(Records for processing)
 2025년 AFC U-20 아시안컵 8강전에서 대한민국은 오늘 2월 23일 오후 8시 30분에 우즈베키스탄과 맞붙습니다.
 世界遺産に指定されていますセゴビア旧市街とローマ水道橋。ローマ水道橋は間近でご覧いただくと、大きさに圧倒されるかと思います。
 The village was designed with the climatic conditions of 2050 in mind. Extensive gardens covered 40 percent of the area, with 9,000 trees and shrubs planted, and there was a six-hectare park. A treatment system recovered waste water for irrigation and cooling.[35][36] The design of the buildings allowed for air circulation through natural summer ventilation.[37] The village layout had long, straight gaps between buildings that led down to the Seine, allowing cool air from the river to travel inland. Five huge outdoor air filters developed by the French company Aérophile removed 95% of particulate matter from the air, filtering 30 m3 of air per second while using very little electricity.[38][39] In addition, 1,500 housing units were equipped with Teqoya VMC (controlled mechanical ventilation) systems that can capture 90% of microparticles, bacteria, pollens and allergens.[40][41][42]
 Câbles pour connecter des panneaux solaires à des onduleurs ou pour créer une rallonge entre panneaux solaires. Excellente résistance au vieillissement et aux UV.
(End Records for processing)
(Records for processing)
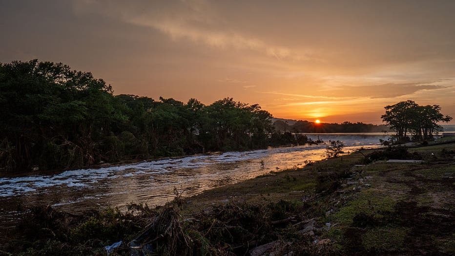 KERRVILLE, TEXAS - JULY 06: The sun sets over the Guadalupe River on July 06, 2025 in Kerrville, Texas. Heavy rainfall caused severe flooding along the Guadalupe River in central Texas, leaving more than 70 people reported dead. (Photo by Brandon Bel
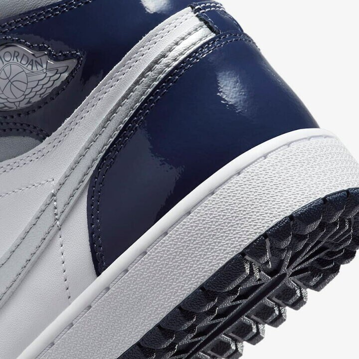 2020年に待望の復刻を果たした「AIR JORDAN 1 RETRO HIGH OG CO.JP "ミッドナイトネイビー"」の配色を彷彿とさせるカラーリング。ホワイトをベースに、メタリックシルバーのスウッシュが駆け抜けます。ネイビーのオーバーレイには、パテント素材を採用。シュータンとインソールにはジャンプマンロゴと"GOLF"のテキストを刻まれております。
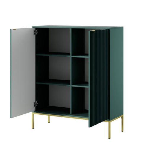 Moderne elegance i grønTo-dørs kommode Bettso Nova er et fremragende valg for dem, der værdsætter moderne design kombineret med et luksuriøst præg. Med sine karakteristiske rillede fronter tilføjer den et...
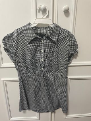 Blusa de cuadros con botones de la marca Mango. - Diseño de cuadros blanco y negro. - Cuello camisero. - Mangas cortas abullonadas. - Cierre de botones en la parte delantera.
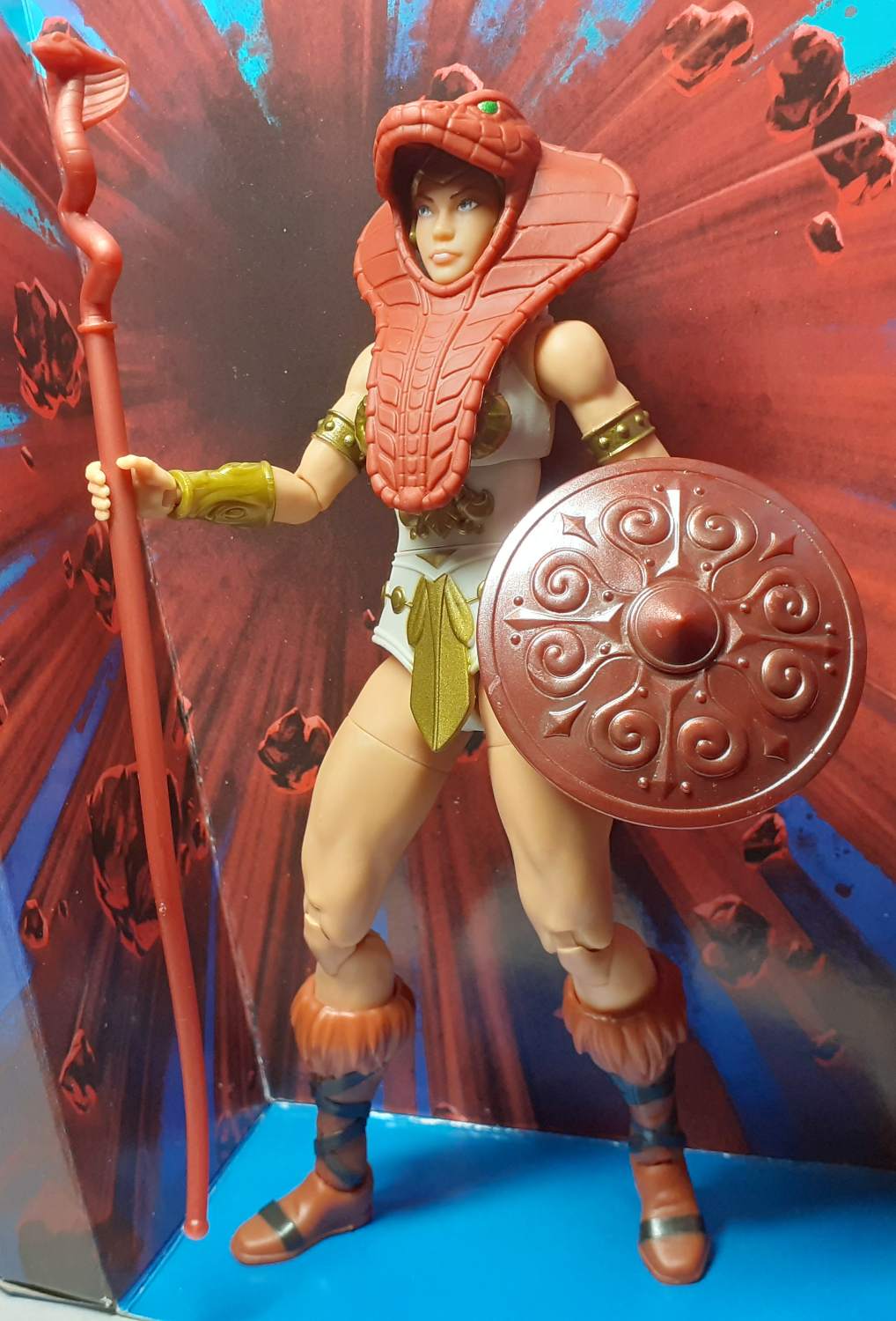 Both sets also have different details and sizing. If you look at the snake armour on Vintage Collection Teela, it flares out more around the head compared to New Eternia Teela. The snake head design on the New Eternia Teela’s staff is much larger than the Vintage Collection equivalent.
(End Records for processing)
Would you output, from the records above, exactly the run of lines that starts at the line containing "The village was" and ends at the line containing "Câbles pour connecter", and only that run?

§ **Solution**:
 The village was designed with the climatic conditions of 2050 in mind. Extensive gardens covered 40 percent of the area, with 9,000 trees and shrubs planted, and there was a six-hectare park. A treatment system recovered waste water for irrigation and cooling.[35][36] The design of the buildings allowed for air circulation through natural summer ventilation.[37] The village layout had long, straight gaps between buildings that led down to the Seine, allowing cool air from the river to travel inland. Five huge outdoor air filters developed by the French company Aérophile removed 95% of particulate matter from the air, filtering 30 m3 of air per second while using very little electricity.[38][39] In addition, 1,500 housing units were equipped with Teqoya VMC (controlled mechanical ventilation) systems that can capture 90% of microparticles, bacteria, pollens and allergens.[40][41][42]
 Câbles pour connecter des panneaux solaires à des onduleurs ou pour créer une rallonge entre panneaux solaires. Excellente résistance au vieillissement et aux UV.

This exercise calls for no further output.